Tue Feb 18 09:11:18 +0000 2020


## iii.) Recursive search

   * Here your search starts at a specific time. It is the current time if you does not set any **current_max_id** parameter
   * Then the search tries to explore past events that match your search parameters
   * The search terminates if you:
      * set **term_func**: events older than the first event that matches this termination function won't be returned.
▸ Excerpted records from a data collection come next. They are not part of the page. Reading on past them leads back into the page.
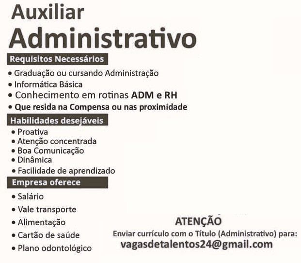 Empresa está selecionando Auxiliar administrativo; Envie seu currículo!
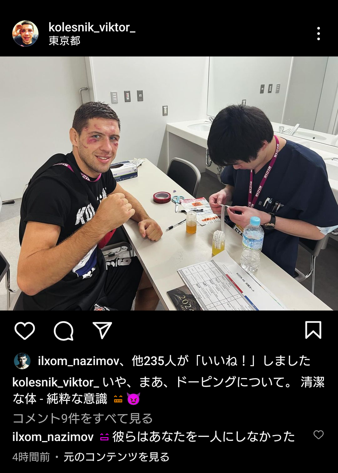 こないだの大会コレスニックはドーピング検査した
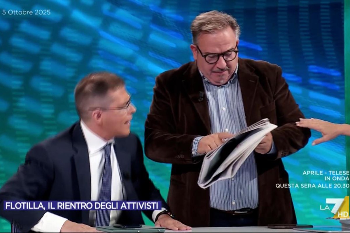 Duro scontro tra Luca Telese e Daniele Capezzone, scoppiato in tv e poi proseguito sui social dai due giornalisti. Al centro la Global Sumud Flotilla per provare a rompere il blocco navale a Gaza imposto da Israele. Tutto è partito dall’attacco di Capezzone all’europarlamentare Benedetta Scuderi, che era collegata in diretta a Omnibus: la tesi del direttore editoriale di Libero è che l’europarlamentare di Avs e altri parlamentari abbiano abbandonato i compagni attivisti tornando prima in Italia, senza opporsi davvero.
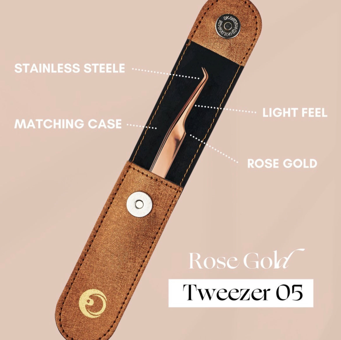 Rose gold, precise, light, volume, hand tested, come with case DVRG05 TWEEZER Item no. DVRG05 Color. Rose Gold. A range of high quality stainless steel tweezers. Materials. SUPER HARD, ANTI - MAGNETIC, ANTI0 ACID STEEL
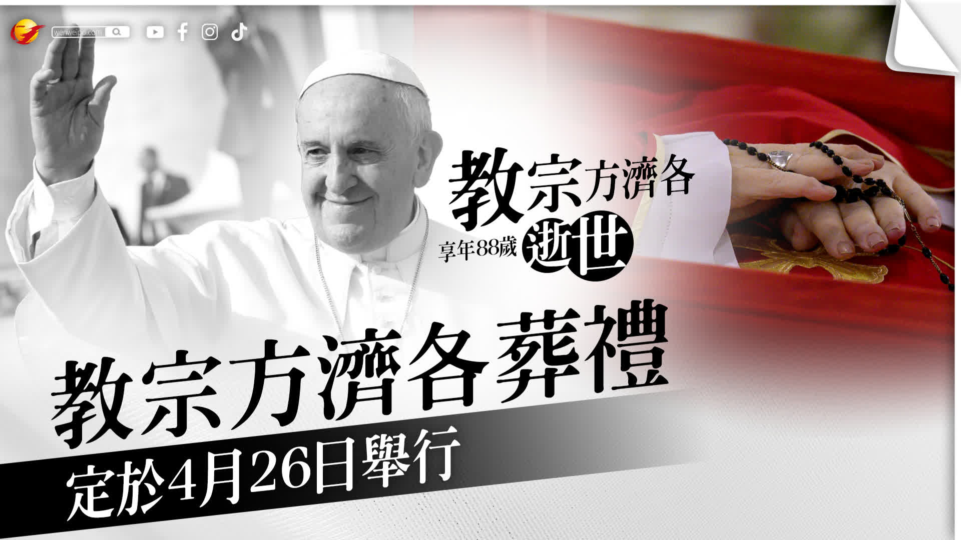 香港文匯報訊 梵蒂岡發表聲明說,羅馬天主教教宗方濟各的葬禮將於當地時間星期六(4月26日)上午10時在聖彼得大教堂舉行。
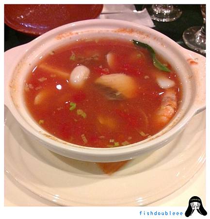 海鮮燉魚湯裡面有很多料喲像是蛤蠣、魚片,搭配番茄酸酸的蠻好喝的![]()
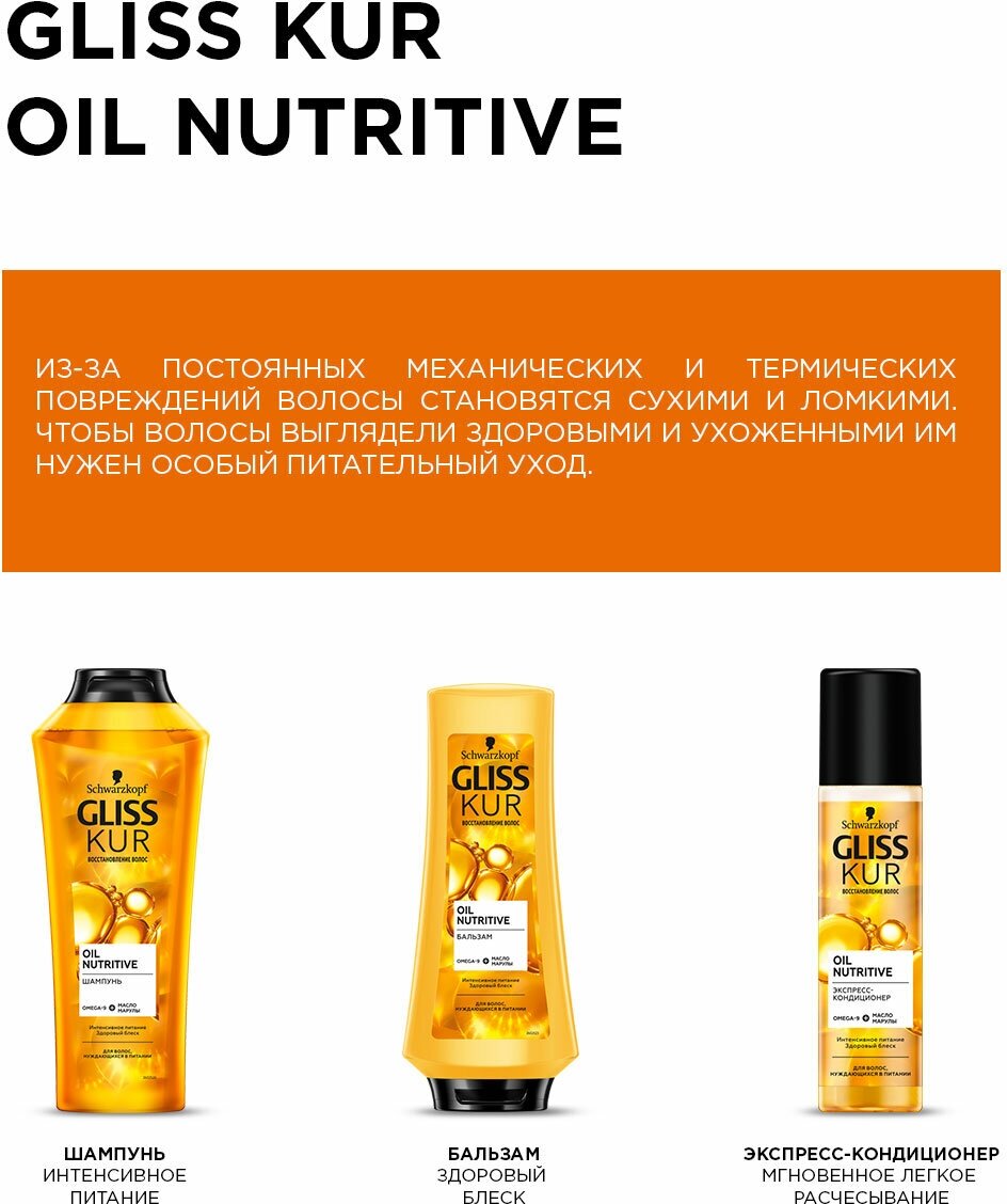 Из-за постоянных механических и термических повреждений волосы становятся сухими и ломкими. Чтобы волосы выглядели здоровыми и ухоженными им нужен особый питательный уход. Gliss Kur Oil Nutritive обеспечивает: Мгновенное легкое расчесывание. Интенсивное питание и восстановление. Здоровый блеск.

For example you can set a time lower bound for your search.
      * all events matching your search parameters have been returned
      * **interrupt the execution**

In [10]:
tcs.search(wait_for=3, term_func=time_terminator, feedback_time=60)

No former request were made!


(1229694847096934400, 1229696134957846528, 307)

In [11]:
tcs.close()

Connection was closed successfully!


# 3. Load exported messages

In [12]:
messages = load_json_result("sample.txt")
print("Hits:", len(messages))

Hits: 1807


In [13]:
print(messages[0]["created_at"])
print()
print(messages[0]["text"])
print()
print(messages[0]["user"])

Tue Feb 18 09:13:31 +0000 2020

RT @clearticulation: @MeEf3112 @CraigGernhardt @al3zzaw @UNHumanRights @BBCWorld @guardian @CNN @Marwanhailan @Doranimated @azhardhia_80 @D…
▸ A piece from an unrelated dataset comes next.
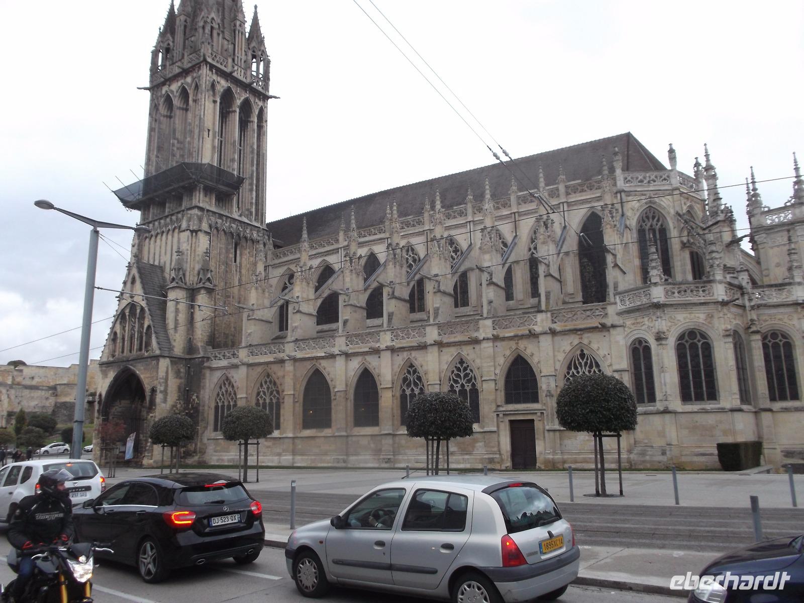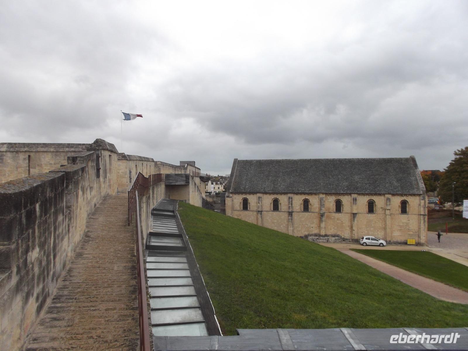 Früh am Morgen erreichte unser Fährschiff von Brittany Ferries den französischen Hafen Ouistreham an der Flussmündung der Orne, etwa 15 km nördlich der Departementshauptstadt Caen. Hier, in der zweitgrößten Stadt der Normandie, fuhren wir zunächst zum Schlosshügel, um in einem Café unser Frühstück einzunehmen. Stadtführerin Patricia holte uns ab und führte uns zunächst über den Schlosshügel mit seinen Bauwerken, die teilweise schon zu Zeiten Wilhelm des Eroberers angelegt worden waren. Von vielen Punkten hatte und hat man einen guten Überblick über die Stadt, die im 11. Jh. große strategische Bedeutung aufwies und oft Ziel und Schauplatz kriegerischer Auseinandersetzungen war. Von der Burg von Caen ab starteten wir zu einer kleinen Stadtrundfahrt in unserem Bus, die uns weitere sehenswerte Orte in der Stadt zeigte - beispielsweise die Kirchen Saint-Pierre und Saint-Jean und die Abteien die zu den bedeutendsten Sakralbauten in der Normandie gehören.

{'screen_name': 'Iraq_for_Iraqis', 'profile_sidebar_fill_color': 'DDEEF6', 'default_profile': True, 'followers_count': 560, 'entities': {'description': {'urls': []}}, 'is_translation_enabled': False, 'following': False, 'profile_image_url': 'http://pbs.twimg.com/profile_images/1200040058121834498/7FAhJxIN_normal.jpg', 'id': 1200039659205775360, 'description': 'العراق للعراقيين ✌🏻🇮🇶\nIraq for Iraqis ✌🏻🇮🇶', 'lang': None, 'contributors_enabled': False, 'profile_text_color': '333333', 'statuses_count': 2808, 'protected': False, 'friends_count': 1982, 'has_extended_profile': False, 'notifications': False, 'created_at': 'Thu Nov 28 13:12:24 +0000 2019', 'follow_request_sent': False, 'favourites_count': 5041, 'is_translator': False, 'profile_use_background_image': True, 'profile_background_image_url': None, 'profile_link_